Canterbury is always associated with Chaucer’s wonderful work, the Canterbury Tales, and the accurate insight that this gives into the manners and customs of the time. The Tabard, afterwards the Talbot in Southwark, retained till comparatively recent times many of the features of the hostelry that it had when Chaucer described it. The landlord was a man of great mark, and his social importance is rather startling to our present ideas. His guests were composed of all ranks of people, and after their dinner was over he proposed a journey to Canterbury at his own cost and charges, and that he should judge the best story that any of them could narrate on the road, being “wise and well ytaught” himself.
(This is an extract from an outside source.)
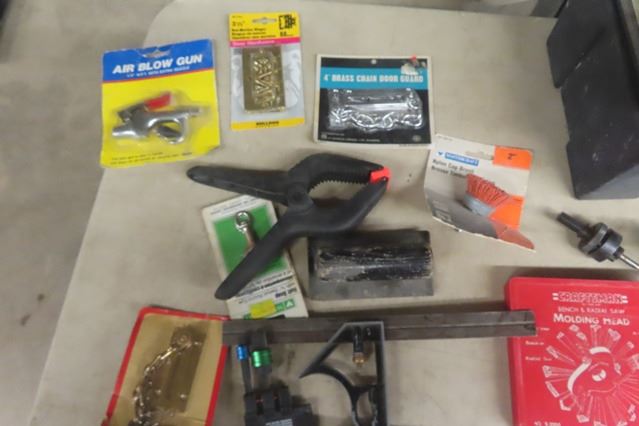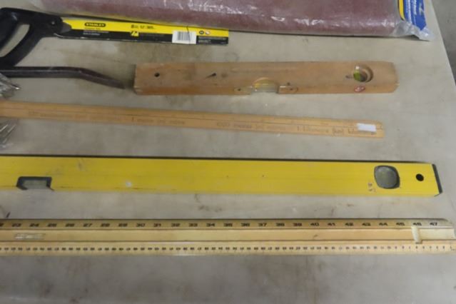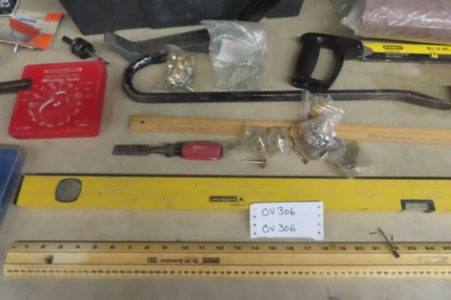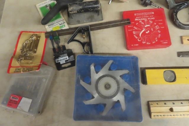 Assorted Tools; Levels, Prybar, Saw, Molding Head, Dado Blade, Packaged Hardware, Tool box, Wire Brushes plus more

Chaucer’s characters of the guests are wonderfully clever and lifelike, even at the present day; but it is rather curious to find him so outspoken against the monk and friar, and contrasting them with the “poure parson of a town,” and “the clerk of Oxenford.” The former seems to have suggested Goldsmith’s village parson, and indeed it is impossible to read Chaucer’s description without being reminded of almost parallel passages, though Goldsmith’s are of course so much sweeter.